THE PROBLEM:
Please repeat exactly the lines below from the one containing "Уютная хлопковая пижама" down to the one containing "Wedoany.com Report-May 27, On", both included, and nothing else.

MATERIAL FOR THIS EXERCISE:
┏━━

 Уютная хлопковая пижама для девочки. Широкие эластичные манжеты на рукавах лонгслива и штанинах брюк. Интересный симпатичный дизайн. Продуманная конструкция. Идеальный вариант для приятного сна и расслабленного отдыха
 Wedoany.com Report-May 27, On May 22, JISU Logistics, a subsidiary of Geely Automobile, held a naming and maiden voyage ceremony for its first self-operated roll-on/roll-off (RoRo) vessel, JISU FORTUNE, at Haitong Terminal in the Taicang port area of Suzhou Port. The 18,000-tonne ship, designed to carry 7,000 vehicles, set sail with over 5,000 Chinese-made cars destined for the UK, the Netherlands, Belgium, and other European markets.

┗━━
┏━━

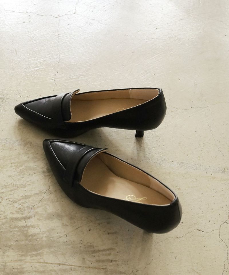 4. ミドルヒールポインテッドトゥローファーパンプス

┗━━
┏━━

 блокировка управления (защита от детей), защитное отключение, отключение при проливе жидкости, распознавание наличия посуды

┗━━

EXERCISE OUTPUT:
 Уютная хлопковая пижама для девочки. Широкие эластичные манжеты на рукавах лонгслива и штанинах брюк. Интересный симпатичный дизайн. Продуманная конструкция. Идеальный вариант для приятного сна и расслабленного отдыха
 Wedoany.com Report-May 27, On May 22, JISU Logistics, a subsidiary of Geely Automobile, held a naming and maiden voyage ceremony for its first self-operated roll-on/roll-off (RoRo) vessel, JISU FORTUNE, at Haitong Terminal in the Taicang port area of Suzhou Port. The 18,000-tonne ship, designed to carry 7,000 vehicles, set sail with over 5,000 Chinese-made cars destined for the UK, the Netherlands, Belgium, and other European markets.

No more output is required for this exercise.